TASK GOAL -> Repeat the listing exactly. Pictures stay out of your copy.

GIVEN INFORMATION ->
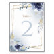 blue flowers faux gold foil Baptism Table Number
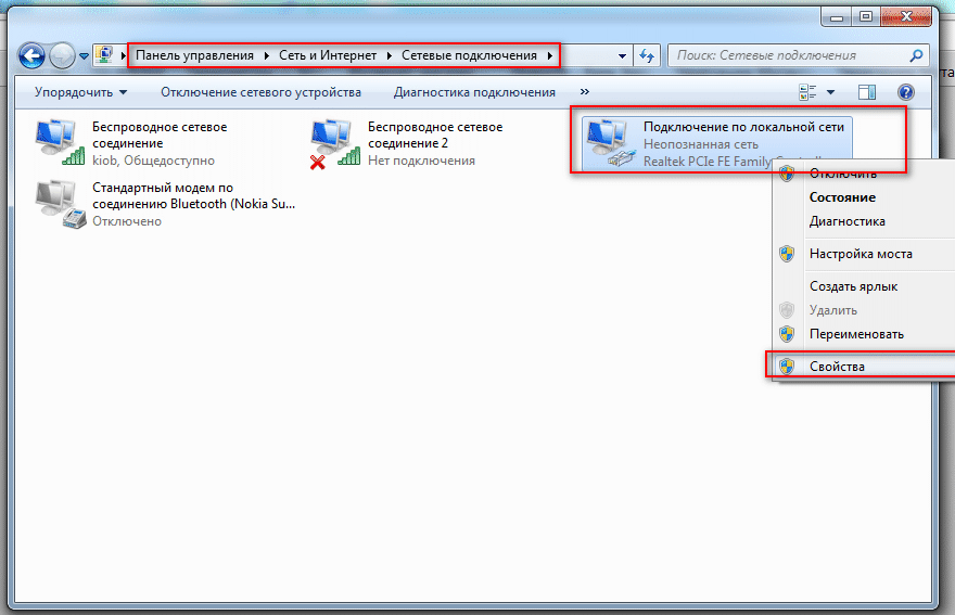 Этот вариант подойдет, если соединение компьютера в сети происходит через сетевую карту Вашего компьютера и Хаб/Свитч. Рассмотрим последовательность действий:
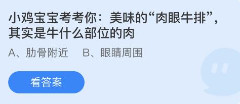 7月5日的蚂蚁庄园小课堂有一个问题是:美味的“肉眼牛排”,其实是牛什么部位的肉?仍有小伙伴不知道问题的答案,下面小编就为大家带来了蚂蚁庄园7月5日正确答案,一起快来看看吧。
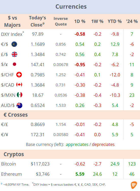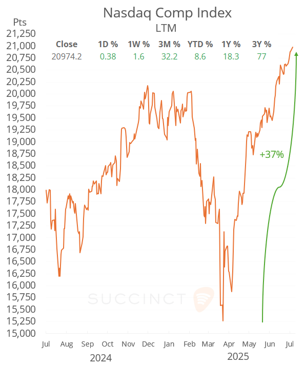 Mon 21 Jul: Market DataTables & ChartsU.S. Markets DailyJul 21, 2025ShareCopyright © 2025 Succinct.S&P 500®, Nasdaq 100®, Dow Jones Industrials®, FTSE®, Stoxx® and other indices are registered trademarks of their respective owners.

SOLUTION ->
 blue flowers faux gold foil Baptism Table Number
 Этот вариант подойдет, если соединение компьютера в сети происходит через сетевую карту Вашего компьютера и Хаб/Свитч. Рассмотрим последовательность действий:
 7月5日的蚂蚁庄园小课堂有一个问题是:美味的“肉眼牛排”,其实是牛什么部位的肉?仍有小伙伴不知道问题的答案,下面小编就为大家带来了蚂蚁庄园7月5日正确答案,一起快来看看吧。
 Mon 21 Jul: Market DataTables & ChartsU.S. Markets DailyJul 21, 2025ShareCopyright © 2025 Succinct.S&P 500®, Nasdaq 100®, Dow Jones Industrials®, FTSE®, Stoxx® and other indices are registered trademarks of their respective owners.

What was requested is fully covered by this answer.